PPF Tax Exemption: Along with tax exemption in PPF, other benefits are also available. The amount received at the time of maturity also does not have to be taxed.
PPF Tax Exemption: Investing in Public Provident Fund is considered a better and safer option. There is a tax exemption on investing in PPF. Also, there is no tax to be paid on the amount received at the time of maturity after 15 years. There are many other benefits of this scheme, about which very few people know.
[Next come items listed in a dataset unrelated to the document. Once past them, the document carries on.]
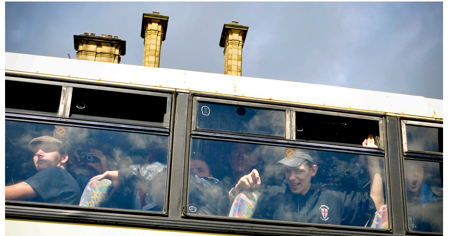
EDL supporters arrive on a chartered coach in Bradford. Towns with high-concentrations of Asians and Muslims are targeted by EDL mobs and their demonstrations almost always descend into violence
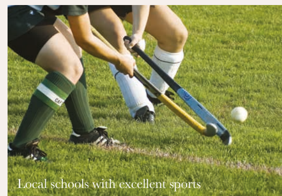
Local schools with excellent sports
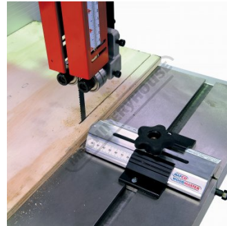
Shown In Use on Bandsaw
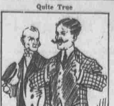
Sporteman-Murphy, you told me there was good hunting on your land. Why, we've been here an hour and haven't seen any game. Murphy-Just so, but the less game the more hunting you have.
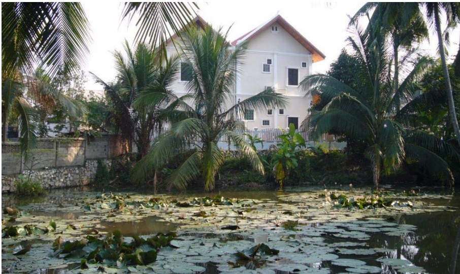
Photo 14. New multi-storeyed guesthouse recently constructed on a filled-in Wetlands pond.
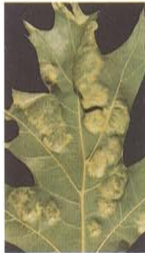
10. Oak leaf blister
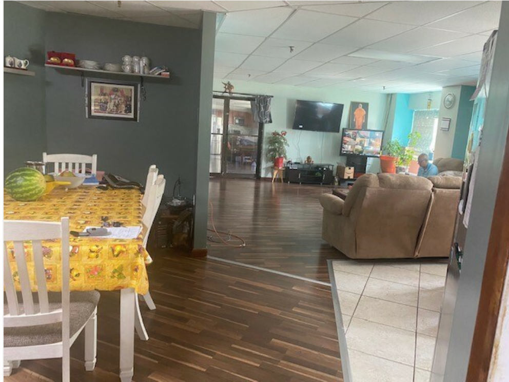
Living Area in Owners Quarters
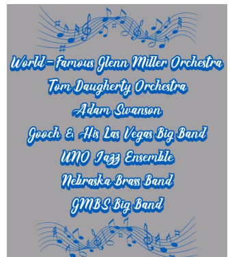
Logo on back

Styles, colors, sizes and sales of our Glenn Miller clothing changes often. Contact the Museum with any questions. If you have ideas on clothing you would like to see us carry, just let us know.
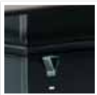
Easy adjustable shelves
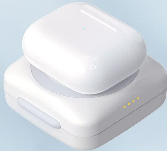
Image 1.2: An illustration highlighting the key features of the LIMETA EB10 power bank, including fast charging capability, APP Linkage for smart control, lightweight design for travel, and its function as a mobile phone holder during charging.
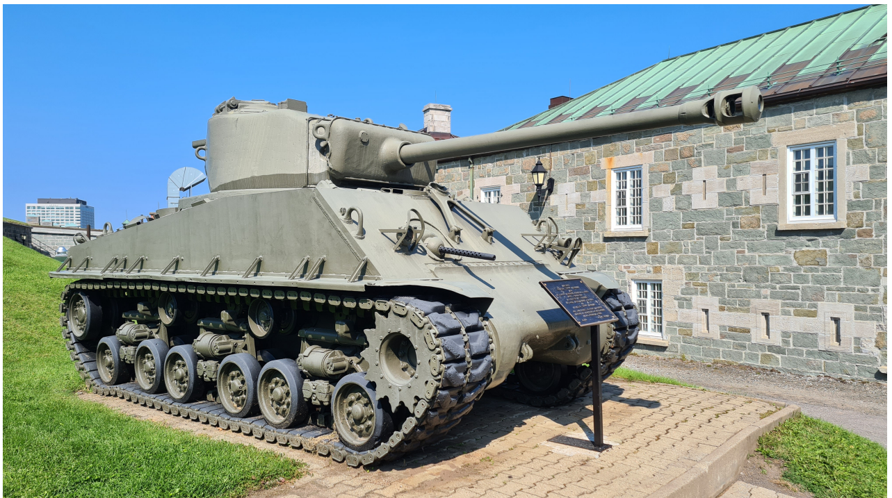
Pierre-Olivier Buan, September 2024
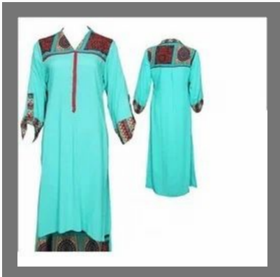
Ladies Designer Long Kurti
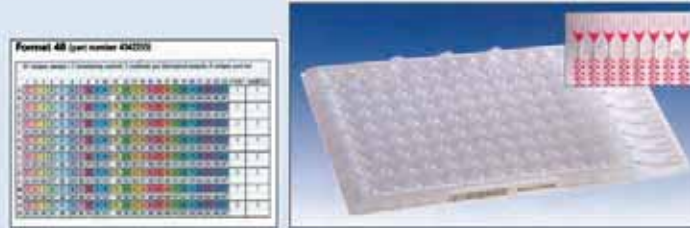
Fig. Micro-Fluidic-Card

IKDT Innovative Diagnostics is offering its service on performing gene expression studies and microRNA profiling by validated TaqMan QPCR assays or TaqMan QPCR Low-Density-Arrays on Micro-Fluidic-Cards (Applied Biosystems) for simultaneous detection of up to 384 genes or microRNAs in a single sample, including RNA isolation, preamplification technologies and final evaluation of expression data.
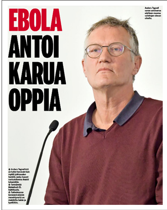
Figure A3. Ilta-Sanomat, 2.5.2020.
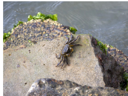
European Green Crab.
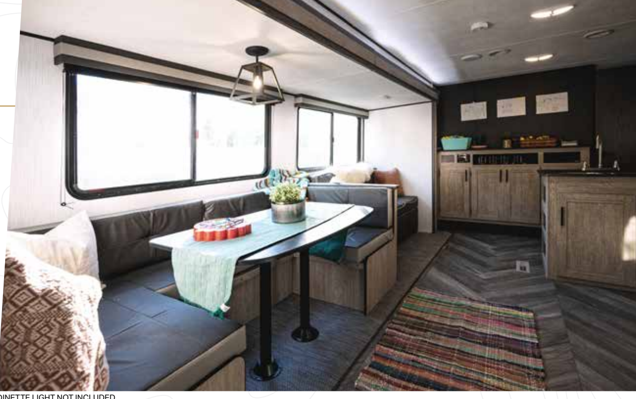
DINETTE LIGHT NOT INCLUDED
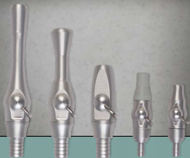
Long HVE Medium HVE Short HVE SS S.E. S.E.

Now that you can sterilize your suction handpieces after each patient... why take any chances?
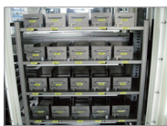
• Multi stack offloading magazine zone
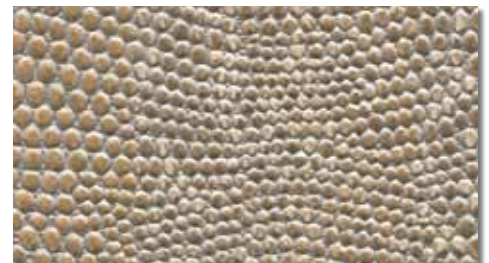
MR-RV-73055 Prowling Platinum
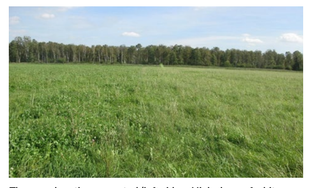
The sward on the renovated (left side – High share of white and red clover) and not renovated meadows (on the right side).

(mostly red and white clover) from 3% to 22-25%. The figure below shows the recorded performance for the different pasture types over summer and winter.

Let us tell you, people investing in PPF can increase the investment period by 5-5 years after every five years after 15 years. That is, investment can be continued in it even after 15 years.
Financial experts say that if you want to continue investing in your PPF account even after the maturity period of 15 years, then you have to inform the bank or post office for the same. Wherever your PPF account is located, a Form H has to be filled and submitted. Only after this you will get interest on your investment, otherwise not. If a PPF account holder decides to continue his/her PPF account with fresh contributions for a period of five years, he/she can withdraw up to 60% of the account balance at the beginning of each extended period.
Best way to deposit Retirement Fund
Financial experts say that PPF is a better medium for long-term investment. Through this, the management of retirement fund can be done easily. If a person deposits Rs 1 lakh annually and gets an average interest rate of 7.5 per cent, then after 15 years he will easily deposit Rs 31 lakh. At the same rate of interest, he will double that amount in less than 10 years.